NHK大河ドラマ「龍馬伝」の最終回に、こともあろうに今まさに、龍馬が暗殺されようとするその時、
「選挙速報・当選確実」のテロップが流れた。
我々視聴者、いや、少なくとも私自身は興ざめでしかなかった。
十一ヶ月間に渡り放送されてきた全てのシーンは、この最終回に帰結するためのプロローグである。
その最終回のクライマックスもクライマックス、これ以上のシーンはないというまさしくその場面に、何故?
疑問だけが残る。
当然、純粋にそのタイミングで「当確」が判明したのならば、それは仕方のないことだろうが、この選挙があっ
た愛媛県の地元テレビはその40分以上も前に同じ内容の選挙速報を流している。
とすればNHKサイドが意図的に龍馬暗殺シーンを選んで流したのか?
まさか、NHK 内部が看板番組ともいうべき、大河ドラマをストレートにぶち壊すとは考えられない。
怪現象、愛媛県の選挙速報は何故あのタイミングで流れなければならなかったのか。
一体誰が最大の見せ場を台無しにしたのか。
龍馬の出身地、高知・土佐を恨んでいた者。
愛媛が舞台の、司馬遼太郎氏の著書の一部を引用する。
「信さんが十歳になった年の春、藩も秋山家もひっくりかえってしまうという事態がおこった。
明治維新である。
「土佐の兵隊が町にくる」
ということで、藩も藩士も町人もおびえきった。
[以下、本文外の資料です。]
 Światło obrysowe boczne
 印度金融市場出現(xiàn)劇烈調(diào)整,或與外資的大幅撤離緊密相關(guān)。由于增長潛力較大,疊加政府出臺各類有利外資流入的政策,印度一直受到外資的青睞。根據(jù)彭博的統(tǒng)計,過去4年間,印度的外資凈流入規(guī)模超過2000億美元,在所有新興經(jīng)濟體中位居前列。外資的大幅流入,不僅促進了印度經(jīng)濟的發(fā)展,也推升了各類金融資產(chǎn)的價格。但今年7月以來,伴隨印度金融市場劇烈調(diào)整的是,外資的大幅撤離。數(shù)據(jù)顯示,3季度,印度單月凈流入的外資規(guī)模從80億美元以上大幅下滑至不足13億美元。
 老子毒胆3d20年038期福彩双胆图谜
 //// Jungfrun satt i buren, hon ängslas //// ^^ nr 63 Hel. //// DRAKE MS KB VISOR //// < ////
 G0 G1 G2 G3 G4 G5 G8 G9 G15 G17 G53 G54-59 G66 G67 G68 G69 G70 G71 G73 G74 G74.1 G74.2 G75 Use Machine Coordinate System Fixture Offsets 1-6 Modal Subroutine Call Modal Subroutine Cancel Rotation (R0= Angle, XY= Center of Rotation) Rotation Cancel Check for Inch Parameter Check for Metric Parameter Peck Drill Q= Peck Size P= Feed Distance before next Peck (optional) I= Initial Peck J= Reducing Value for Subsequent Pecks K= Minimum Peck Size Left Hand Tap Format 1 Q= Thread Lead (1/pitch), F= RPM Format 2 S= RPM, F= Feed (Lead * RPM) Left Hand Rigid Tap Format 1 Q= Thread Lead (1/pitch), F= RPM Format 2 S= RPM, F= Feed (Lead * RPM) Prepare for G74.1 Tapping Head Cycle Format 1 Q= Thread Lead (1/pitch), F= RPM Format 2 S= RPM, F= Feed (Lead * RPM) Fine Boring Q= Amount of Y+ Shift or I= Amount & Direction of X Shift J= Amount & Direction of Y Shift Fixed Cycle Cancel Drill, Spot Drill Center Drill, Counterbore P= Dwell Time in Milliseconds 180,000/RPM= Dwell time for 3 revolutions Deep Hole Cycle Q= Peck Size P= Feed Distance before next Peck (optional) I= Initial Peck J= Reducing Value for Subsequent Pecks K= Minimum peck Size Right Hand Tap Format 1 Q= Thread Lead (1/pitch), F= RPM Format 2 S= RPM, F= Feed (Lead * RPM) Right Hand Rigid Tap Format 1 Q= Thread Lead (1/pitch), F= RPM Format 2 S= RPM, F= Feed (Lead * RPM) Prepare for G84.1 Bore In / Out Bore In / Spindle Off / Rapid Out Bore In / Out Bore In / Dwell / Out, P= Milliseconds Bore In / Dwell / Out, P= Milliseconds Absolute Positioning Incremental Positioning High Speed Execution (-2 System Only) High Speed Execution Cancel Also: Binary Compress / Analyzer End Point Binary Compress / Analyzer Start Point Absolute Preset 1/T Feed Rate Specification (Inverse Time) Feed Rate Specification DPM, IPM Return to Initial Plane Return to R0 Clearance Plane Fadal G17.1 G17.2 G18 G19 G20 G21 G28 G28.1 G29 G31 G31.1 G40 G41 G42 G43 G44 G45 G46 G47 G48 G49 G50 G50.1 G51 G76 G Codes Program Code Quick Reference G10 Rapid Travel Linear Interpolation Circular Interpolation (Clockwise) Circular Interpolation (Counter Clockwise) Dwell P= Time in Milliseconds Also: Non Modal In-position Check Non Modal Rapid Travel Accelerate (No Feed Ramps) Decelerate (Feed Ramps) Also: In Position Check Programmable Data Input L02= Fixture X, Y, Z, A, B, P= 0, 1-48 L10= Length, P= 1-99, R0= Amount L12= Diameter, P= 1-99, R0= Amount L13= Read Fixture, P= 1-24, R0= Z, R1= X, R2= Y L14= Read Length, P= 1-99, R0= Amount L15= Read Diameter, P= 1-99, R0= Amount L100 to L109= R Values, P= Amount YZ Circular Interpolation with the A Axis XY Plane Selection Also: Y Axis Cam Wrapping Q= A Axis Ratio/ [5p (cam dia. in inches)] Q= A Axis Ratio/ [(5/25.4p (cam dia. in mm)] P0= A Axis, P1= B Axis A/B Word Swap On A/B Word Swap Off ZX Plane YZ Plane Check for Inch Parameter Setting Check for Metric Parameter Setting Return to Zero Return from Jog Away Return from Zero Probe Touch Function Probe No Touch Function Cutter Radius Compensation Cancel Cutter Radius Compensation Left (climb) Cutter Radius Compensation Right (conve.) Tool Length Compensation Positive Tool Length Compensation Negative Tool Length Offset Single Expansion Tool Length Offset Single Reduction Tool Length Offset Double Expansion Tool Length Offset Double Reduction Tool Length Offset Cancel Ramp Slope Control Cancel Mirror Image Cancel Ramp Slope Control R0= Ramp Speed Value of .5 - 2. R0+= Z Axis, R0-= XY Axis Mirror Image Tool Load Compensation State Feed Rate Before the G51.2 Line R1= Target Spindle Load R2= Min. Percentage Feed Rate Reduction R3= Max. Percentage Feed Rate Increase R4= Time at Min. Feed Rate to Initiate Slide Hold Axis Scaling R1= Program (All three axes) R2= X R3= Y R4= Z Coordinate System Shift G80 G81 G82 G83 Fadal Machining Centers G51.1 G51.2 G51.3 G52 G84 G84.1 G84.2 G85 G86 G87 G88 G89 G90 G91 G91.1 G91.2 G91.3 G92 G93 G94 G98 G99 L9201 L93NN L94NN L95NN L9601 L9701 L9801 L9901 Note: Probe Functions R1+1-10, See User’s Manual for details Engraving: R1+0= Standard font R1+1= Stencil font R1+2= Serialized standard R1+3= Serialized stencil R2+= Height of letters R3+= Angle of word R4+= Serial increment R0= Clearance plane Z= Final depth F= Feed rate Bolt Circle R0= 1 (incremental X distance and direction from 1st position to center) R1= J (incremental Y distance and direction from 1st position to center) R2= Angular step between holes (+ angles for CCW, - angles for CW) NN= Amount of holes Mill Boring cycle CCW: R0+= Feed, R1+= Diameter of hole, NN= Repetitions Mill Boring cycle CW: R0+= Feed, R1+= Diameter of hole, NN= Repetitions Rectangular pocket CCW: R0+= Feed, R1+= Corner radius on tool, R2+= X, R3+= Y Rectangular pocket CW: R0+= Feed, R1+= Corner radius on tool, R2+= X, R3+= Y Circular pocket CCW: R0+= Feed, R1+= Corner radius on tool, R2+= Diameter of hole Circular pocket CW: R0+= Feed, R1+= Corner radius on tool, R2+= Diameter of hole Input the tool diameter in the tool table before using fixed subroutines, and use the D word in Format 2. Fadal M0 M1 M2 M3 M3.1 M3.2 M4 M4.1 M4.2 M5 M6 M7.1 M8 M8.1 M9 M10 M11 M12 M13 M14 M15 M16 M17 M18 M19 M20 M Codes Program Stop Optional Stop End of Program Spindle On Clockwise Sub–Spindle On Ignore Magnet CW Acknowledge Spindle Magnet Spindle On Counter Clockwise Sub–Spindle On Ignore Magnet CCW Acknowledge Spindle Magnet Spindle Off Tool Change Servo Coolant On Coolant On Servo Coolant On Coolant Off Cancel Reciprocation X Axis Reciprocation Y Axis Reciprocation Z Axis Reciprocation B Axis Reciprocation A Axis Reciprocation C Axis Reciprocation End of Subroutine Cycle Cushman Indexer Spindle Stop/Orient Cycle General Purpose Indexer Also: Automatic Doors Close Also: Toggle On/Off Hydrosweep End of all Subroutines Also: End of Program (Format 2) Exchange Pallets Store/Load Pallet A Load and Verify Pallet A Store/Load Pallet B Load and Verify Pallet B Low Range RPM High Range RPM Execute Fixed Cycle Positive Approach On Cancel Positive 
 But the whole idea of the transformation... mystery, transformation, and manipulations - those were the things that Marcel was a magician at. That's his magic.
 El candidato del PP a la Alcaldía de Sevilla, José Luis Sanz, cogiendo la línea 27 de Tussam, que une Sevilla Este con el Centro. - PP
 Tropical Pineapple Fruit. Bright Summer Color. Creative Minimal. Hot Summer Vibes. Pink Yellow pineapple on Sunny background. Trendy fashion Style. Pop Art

・・・中略・・・・
・・・・・幕末、長州征伐では幕府の命をうけて海を渡り、長州領内で戦った。要するにこの時勢での区分けでは、
佐幕派であった。 おなじ四国でも、土佐は官軍である。・・・・・・・・・・・・・・・・・・・・・・・・・
・・中略・・・・・・城も市街も領土も、一時は土佐藩が保護領としてあずかるかたちになった。
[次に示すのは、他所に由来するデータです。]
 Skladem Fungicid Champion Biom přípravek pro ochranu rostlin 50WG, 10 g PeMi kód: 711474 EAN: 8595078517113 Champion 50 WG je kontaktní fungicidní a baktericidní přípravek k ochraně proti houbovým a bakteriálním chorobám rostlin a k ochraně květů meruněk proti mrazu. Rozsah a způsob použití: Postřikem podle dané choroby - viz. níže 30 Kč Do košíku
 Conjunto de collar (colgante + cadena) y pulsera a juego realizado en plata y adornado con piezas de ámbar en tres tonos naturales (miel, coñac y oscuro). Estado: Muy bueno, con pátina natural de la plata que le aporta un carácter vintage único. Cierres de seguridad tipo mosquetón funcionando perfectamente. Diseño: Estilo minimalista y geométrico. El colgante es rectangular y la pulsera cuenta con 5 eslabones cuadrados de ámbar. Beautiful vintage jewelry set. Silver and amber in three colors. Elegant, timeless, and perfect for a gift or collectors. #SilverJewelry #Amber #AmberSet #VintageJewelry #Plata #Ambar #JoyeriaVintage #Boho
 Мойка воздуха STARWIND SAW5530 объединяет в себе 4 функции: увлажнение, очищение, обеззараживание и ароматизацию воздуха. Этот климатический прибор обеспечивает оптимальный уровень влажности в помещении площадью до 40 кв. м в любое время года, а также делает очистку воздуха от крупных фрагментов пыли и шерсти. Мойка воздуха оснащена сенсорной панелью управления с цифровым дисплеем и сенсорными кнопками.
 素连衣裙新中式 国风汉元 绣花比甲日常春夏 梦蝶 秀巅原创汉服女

城下の役所、寺などには、「土州下陣(・・げじん) というはり紙が出された。信さんは十歳の子供ながら、
この光景が終生忘れられぬものになった。
「あれを思うと、こんにちでも腹が立つ」
と、かれは後年、フランスから故郷に出した手紙のなかで洩らしている。・・・・・・・・・・・
信さんとは「秋山 好古(よしふる)」
この引用した著書、「坂の上の雲」の主人公の一人である。
「坂の上の雲」は龍馬伝の後、スペシャルドラマとして放送される。
※土州下陣・・・土州は土佐のことで、土佐の支配下にあるという意味。